Initially the alignment was divided into partitions based on coding position. Then we unlinked the parameters (shape, revmat, statefreq) between these partitions and applied a 4× 4 nucleotide model. Finally, for the 1st and 2nd codon positions we used the model with only one substitution category with all rates equal (F81 model), and for the 3rd codon position we used the model with 6 categories with a gamma shape parameter plus invariants including the covarion parameter (GTR+Γ+I+cov model). Metropolis-coupled Markov chain Monte Carlo analyses were run with one cold and three heated chains (temperature set to default 0.2) for 5,000,000 generations and sampled every 200 generations. This process was performed three times from a random starting tree and ran well beyond convergence. Trees before convergence were discarded for the reconstruction of the consensus Bayesian tree with posterior probabilities.

Alternative tree topology testing using haplotype subsets

To further address the phylogenetic relationship within the obtained haplotypes, we restricted the alignment into three subsets, each comprising 18 haplotypes (10 haplotypes from Cx. annulirostris, 6 from Cx. palpalis and 2 from Cx. sitiens which served as an outgroup). Given that Maximum Likelihood calculations with all haplotypes were prohibitively time-consuming, these subsets served as surrogate abstractions of the full dataset. For each lineage unit we selected two haplotypes based on the following approach: Subset 1 – an ancestor haplotype and its closest haplotype (a44, a51, a89, a92, a98, a103, a117, a119, a128, a132, p12, p25, p28, p29, p30, p33, s7, s8); Subset 2 – two haplotypes from network extremities (a51, a64, a89, a93, a98, a99, a119, a107, a128, a131, p10, p20, p25, p30, p32, p33, s9, s8); and Subset 3 – an ancestor and an extremity of the network (a64, a66, a88, a93, a99, a102, a107, a113, a130, a131, p5, p10, p20, p22, p31, p32, s4, s9). Calculations on the three subsets enabled us to map the variability of the haplotype phylogenies. For each subset we calculated a Maximum Likelihood tree with bootstraps and applied a variety of constraints to test both our hypothesis and the robustness of the optimal tree.

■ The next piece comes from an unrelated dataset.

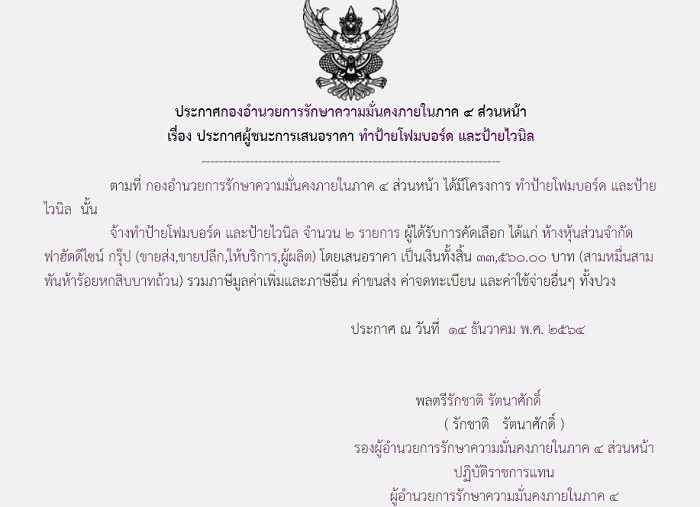ประกาศผู้ชนะการเสนอราคา ทำป้ายโฟมบอร์ด และป้ายไวนิล (33,560 บาท)

The best trees and all constraints were inferred in PAUP*4b10 [35]. We first reconstructed a Neighbour joining tree and used it to estimate the GTR+Γ+I likelihood parameter. Then the parameters were fixed and used in the inference of a Maximum Likelihood tree using a heuristic search with 20 random sequence additions with NNI swapping. The resulting GTR+Γ+I model parameters were used for the Maximum Likelihood tree reconstruction for the unconstrained tree as well as for all constrained trees. For the unconstrained trees we calculated bootstraps using 100 replicates. Site likelihoods for individual trees were calculated using PAUP*4b10 [35] and these were used for the Approximately Unbiased (AU) test [16] and the Shimodaira-Hasegawa (SH) test [38], both implemented in CONSEL 0.1 h [39]. A value of P>0.05 was considered statistically significant to reject the hypothesis that the two trees were significantly different.